Raw data →
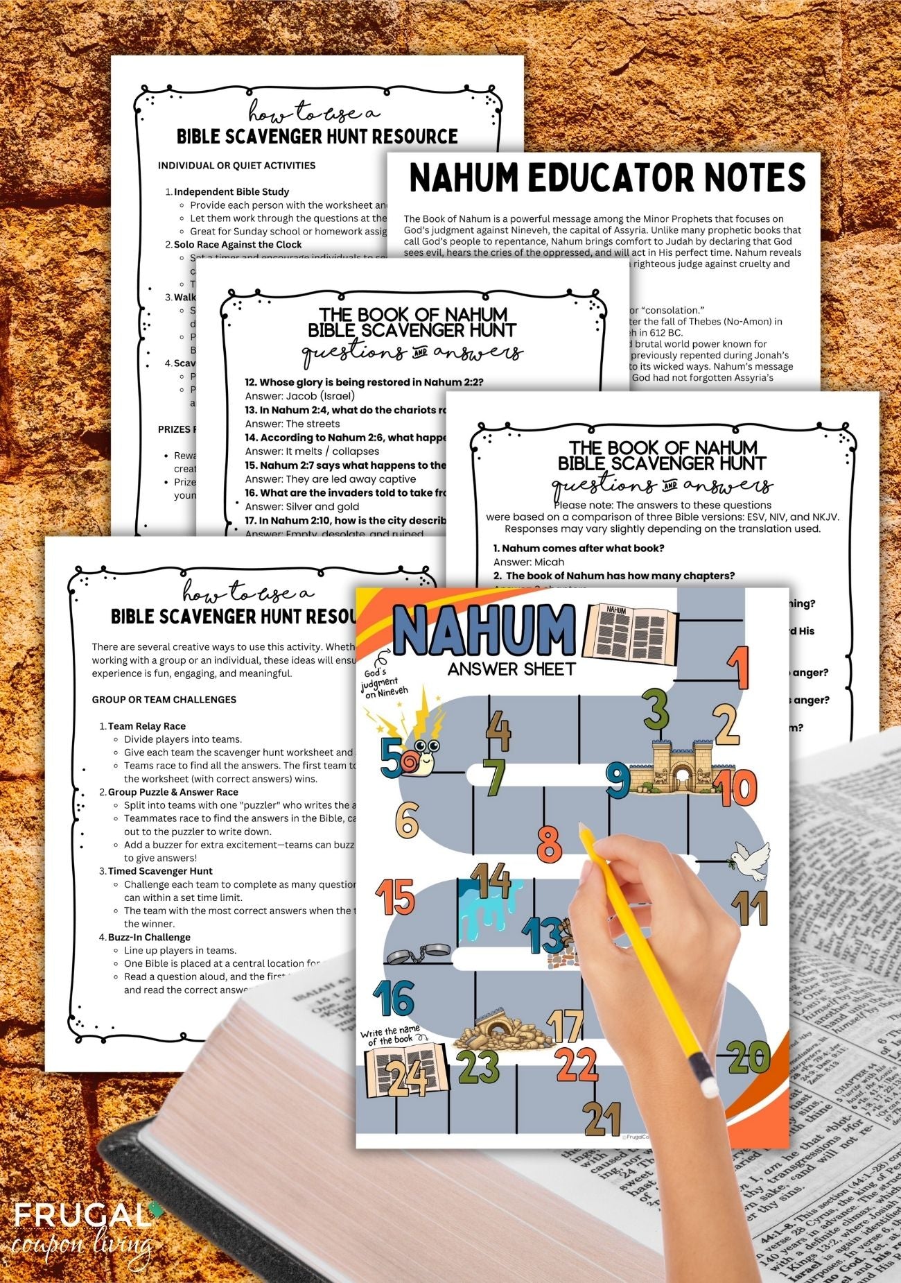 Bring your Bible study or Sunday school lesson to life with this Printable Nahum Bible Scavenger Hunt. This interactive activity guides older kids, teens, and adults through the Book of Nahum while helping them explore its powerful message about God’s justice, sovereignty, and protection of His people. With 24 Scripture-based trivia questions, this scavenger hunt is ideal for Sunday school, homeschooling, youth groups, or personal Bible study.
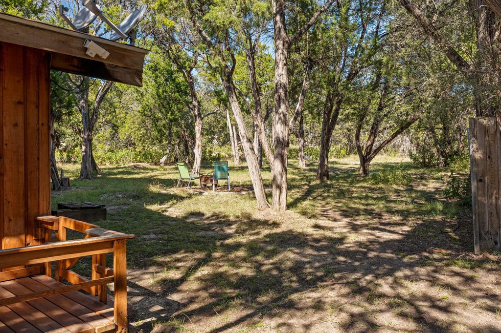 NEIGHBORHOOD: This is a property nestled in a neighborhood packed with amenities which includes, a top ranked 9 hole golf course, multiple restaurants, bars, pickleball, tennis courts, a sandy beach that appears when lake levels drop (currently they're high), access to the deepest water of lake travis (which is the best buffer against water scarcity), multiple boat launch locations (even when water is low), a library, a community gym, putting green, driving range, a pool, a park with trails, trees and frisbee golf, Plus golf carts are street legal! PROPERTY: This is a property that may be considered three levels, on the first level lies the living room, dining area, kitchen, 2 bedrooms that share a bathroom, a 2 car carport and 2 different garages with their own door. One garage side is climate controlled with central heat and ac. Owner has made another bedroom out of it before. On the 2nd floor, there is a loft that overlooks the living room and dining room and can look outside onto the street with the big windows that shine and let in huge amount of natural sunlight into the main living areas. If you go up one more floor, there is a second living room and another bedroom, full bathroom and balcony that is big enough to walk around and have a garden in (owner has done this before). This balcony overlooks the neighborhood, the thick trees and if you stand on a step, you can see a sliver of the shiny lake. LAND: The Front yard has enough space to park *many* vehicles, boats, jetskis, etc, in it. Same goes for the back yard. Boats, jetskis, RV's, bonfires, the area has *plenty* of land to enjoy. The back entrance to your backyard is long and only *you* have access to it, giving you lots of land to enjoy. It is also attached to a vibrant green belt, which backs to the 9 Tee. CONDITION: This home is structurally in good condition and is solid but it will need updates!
==
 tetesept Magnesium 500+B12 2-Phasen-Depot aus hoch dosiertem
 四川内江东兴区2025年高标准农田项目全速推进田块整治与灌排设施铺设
* * *
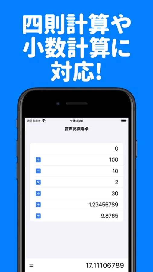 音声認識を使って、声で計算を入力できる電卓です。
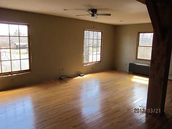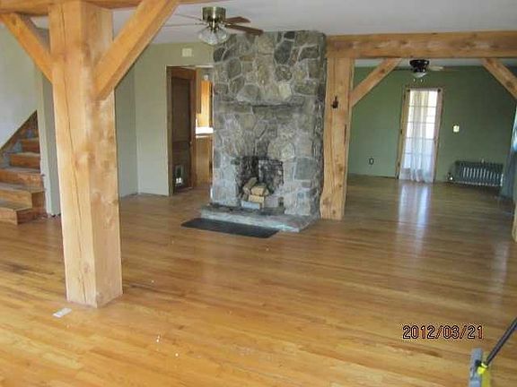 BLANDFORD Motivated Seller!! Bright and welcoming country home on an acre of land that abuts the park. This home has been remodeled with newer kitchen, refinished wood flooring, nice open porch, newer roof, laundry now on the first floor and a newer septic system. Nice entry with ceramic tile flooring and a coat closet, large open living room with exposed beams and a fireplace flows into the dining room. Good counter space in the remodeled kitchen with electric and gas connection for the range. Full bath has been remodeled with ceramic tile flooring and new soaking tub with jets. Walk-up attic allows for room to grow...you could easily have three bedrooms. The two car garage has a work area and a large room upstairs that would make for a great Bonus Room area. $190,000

Task statement → Look above for the line holding "tetesept Magnesium 500+B12" and the line holding "四川内江东兴区2025年高标准农田项目全速推进田块整治与灌排设施铺设". Retype both, and every line between them, word for word and nothing else.

Answer for the task →
 tetesept Magnesium 500+B12 2-Phasen-Depot aus hoch dosiertem
 四川内江东兴区2025年高标准农田项目全速推进田块整治与灌排设施铺设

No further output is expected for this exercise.